Is it on GitHub? if so, that might be the easiest.
Otherwise send it as an email attachment.
Box, or dropbox might be easier than email.

I use Linux.  Windows is way to frustrating for me to use.

jonathon


--
To unsubscribe e-mail to: [hidden email]
Problems? http://www.libreoffice.org/get-help/mailing-lists/how-to-unsubscribe/
Posting guidelines + more: http://wiki.documentfoundation.org/Netiquette
List archive: http://listarchives.libreoffice.org/global/users/
All messages sent to this list will be publicly archived and cannot be deleted

CVAlkan CVAlkan
Reply | Threaded
Open this post in threaded view
|

Re: Struggling with Hebrew in LO

I've attempted to upload my shell script using the More button; it is very heavily commented (as much for my own benefit as anything). As a quick trial you can make it executable and then type, for instance:

FindFont thai greek
or
FindFont hindi persian hebrew

The first will list all the fonts that contain characters for both Thai and Greek, and list enough information to see which of those fonts correctly report the needed support. That helps when choosing a font that Writer (hopefully) won't mysteriously replace. Even with the ability to set a CTL language and font, it will be ignored and replaced if the font isn't reporting what it has correctly. With trying to intermingle more than one language/script in a document, CTL hurts far more than it helps.

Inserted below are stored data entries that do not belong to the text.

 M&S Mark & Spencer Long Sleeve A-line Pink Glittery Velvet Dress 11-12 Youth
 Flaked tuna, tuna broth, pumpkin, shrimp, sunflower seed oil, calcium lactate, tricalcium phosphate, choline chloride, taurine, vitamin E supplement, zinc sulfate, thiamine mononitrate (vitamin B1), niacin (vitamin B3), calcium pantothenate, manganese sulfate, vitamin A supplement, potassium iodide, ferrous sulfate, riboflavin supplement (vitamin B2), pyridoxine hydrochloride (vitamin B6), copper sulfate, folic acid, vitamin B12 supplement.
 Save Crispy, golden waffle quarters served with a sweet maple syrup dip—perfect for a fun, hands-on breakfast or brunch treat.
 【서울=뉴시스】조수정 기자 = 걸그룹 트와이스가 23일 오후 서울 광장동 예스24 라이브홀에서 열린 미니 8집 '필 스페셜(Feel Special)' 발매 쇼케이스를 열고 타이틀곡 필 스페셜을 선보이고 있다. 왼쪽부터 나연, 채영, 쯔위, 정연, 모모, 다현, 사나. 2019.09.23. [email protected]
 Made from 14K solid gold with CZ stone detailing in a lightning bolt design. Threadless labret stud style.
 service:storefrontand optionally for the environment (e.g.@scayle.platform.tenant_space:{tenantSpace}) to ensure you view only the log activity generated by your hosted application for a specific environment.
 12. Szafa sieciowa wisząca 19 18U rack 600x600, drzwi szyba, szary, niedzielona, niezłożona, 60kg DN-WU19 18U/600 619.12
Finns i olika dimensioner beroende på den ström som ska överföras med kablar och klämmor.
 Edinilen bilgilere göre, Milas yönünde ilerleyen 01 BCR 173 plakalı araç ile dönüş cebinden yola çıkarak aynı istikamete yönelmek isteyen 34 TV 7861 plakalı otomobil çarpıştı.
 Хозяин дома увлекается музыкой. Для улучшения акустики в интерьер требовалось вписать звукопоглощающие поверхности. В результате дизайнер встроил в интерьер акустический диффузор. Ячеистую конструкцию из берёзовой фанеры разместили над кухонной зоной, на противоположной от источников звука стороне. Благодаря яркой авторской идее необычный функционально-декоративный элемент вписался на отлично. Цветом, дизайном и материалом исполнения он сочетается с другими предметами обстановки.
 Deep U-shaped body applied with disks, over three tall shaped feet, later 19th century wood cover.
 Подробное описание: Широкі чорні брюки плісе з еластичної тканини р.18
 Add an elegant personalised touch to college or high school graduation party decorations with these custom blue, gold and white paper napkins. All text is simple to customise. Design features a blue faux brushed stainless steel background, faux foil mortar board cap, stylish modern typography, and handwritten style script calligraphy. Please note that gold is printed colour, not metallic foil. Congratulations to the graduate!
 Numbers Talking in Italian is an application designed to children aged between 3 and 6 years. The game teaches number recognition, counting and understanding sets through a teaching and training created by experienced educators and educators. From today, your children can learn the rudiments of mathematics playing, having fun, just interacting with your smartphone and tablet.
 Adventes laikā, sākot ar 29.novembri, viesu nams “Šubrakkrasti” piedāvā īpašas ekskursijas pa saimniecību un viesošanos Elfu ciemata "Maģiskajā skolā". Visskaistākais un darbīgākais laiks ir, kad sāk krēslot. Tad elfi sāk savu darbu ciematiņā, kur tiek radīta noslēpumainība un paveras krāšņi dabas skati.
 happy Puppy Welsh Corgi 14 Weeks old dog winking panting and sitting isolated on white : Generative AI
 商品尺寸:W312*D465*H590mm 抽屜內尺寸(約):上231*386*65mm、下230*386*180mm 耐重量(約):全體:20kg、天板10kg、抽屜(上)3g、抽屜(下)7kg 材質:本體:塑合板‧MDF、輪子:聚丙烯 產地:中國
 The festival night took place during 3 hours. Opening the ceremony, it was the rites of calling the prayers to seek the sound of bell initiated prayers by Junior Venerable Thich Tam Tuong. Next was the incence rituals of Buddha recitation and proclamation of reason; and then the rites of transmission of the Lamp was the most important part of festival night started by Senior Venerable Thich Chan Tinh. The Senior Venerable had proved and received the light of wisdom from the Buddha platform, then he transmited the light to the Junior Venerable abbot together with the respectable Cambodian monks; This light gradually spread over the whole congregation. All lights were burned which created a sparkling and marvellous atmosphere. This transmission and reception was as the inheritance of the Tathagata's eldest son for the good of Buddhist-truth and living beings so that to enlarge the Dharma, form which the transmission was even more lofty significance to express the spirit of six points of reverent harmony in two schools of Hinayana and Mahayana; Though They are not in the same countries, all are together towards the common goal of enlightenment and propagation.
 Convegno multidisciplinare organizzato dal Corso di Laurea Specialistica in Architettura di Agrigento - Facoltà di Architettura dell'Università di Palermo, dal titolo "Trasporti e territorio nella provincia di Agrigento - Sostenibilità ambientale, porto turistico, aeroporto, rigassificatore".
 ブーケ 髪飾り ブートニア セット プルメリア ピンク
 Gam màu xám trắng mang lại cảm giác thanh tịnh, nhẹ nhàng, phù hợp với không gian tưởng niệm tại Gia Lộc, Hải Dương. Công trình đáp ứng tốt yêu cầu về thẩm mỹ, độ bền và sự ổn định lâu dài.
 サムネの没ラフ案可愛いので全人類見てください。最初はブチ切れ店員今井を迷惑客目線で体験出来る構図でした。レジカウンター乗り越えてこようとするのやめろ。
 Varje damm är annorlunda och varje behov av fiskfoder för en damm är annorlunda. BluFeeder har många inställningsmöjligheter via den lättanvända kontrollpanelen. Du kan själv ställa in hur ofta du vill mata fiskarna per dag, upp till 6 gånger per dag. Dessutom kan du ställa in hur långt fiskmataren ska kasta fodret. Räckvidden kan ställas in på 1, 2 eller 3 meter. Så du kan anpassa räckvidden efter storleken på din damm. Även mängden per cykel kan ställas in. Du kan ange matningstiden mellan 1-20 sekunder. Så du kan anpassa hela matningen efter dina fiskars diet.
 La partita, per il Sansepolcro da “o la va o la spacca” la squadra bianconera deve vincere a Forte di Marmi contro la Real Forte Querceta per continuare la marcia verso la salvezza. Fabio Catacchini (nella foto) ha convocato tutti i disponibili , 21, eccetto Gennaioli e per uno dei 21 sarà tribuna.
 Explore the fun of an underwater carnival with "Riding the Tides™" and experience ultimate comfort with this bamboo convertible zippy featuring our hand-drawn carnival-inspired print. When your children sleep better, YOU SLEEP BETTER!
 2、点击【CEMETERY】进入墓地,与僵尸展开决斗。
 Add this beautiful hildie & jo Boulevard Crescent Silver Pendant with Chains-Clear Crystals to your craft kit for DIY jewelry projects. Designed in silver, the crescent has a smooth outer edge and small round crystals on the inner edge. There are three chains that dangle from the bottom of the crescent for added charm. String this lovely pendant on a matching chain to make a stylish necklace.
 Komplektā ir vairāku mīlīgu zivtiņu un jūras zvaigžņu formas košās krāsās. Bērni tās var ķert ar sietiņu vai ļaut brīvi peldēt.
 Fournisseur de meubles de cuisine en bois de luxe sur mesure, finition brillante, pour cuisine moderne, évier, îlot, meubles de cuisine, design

The second command - giving three arguments - probably won't list anything unless you're have some really beefy fonts, although both FreeFontSerif and its bold counterpart support all three.FindFont.FindFont

The bad news is that the list of languages/scripts is not comprehensive (just ones I've happened to look into); the good news is that they're defined in a "case" statement, so adding some others should be relatively simple.

Frank
jonathon-6 jonathon-6
Reply | Threaded
Open this post in threaded view
|

Re: Struggling with Hebrew in LO

On 28/10/2016 19:25, CVAlkan wrote:

> I've attempted to upload my shell script using the More button;

Thanks.

> heavily commented (as much for my own benefit as anything).

If a script is not commented, then nobody knows what it is supposed to do.

> That helps when choosing a font that Writer (hopefully) won't mysteriously replace. Even with the ability to set a CTL
> language and font, it will be ignored and replaced if the font isn't reporting what it has correctly.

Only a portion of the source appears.